Extracted records
>>>

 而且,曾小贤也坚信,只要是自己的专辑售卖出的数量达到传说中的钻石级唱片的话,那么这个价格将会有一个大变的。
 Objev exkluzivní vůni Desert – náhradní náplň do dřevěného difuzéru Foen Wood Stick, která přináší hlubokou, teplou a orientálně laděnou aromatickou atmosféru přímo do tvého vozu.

<<<
>>>

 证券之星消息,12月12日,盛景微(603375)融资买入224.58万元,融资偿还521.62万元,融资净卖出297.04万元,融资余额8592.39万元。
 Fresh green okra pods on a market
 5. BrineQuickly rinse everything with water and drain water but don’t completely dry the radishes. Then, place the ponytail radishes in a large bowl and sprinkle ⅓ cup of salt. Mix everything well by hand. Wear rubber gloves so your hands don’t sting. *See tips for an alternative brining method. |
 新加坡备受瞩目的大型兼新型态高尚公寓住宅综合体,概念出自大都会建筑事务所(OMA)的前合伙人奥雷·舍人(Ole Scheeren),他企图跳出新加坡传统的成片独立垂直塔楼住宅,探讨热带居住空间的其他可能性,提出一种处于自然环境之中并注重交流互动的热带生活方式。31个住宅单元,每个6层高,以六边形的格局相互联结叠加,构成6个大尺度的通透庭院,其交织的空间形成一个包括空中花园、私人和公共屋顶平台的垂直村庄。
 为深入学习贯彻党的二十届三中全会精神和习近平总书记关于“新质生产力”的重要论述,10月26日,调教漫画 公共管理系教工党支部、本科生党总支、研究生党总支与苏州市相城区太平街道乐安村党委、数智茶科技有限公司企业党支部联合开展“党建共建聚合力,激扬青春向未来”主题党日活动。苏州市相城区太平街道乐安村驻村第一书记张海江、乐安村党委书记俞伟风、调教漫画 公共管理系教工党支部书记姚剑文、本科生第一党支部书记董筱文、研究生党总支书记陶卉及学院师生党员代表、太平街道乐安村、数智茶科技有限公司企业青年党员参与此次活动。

<<<
>>>

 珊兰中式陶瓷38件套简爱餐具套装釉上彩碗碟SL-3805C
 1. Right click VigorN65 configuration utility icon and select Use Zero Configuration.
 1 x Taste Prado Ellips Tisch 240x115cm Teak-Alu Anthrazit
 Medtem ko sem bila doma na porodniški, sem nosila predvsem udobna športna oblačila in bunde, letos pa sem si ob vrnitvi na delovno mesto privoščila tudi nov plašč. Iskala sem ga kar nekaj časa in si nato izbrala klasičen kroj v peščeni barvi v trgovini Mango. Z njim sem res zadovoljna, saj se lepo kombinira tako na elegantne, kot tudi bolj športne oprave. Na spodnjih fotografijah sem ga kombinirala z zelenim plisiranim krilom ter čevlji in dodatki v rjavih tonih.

<<<

Directions for this task
From the data above, reproduce word for word the lines running from the line with "而且,曾小贤也坚信,只要是自" to the line with "Objev exkluzivní vůni", ends included.

Exercise answer
 而且,曾小贤也坚信,只要是自己的专辑售卖出的数量达到传说中的钻石级唱片的话,那么这个价格将会有一个大变的。
 Objev exkluzivní vůni Desert – náhradní náplň do dřevěného difuzéru Foen Wood Stick, která přináší hlubokou, teplou a orientálně laděnou aromatickou atmosféru přímo do tvého vozu.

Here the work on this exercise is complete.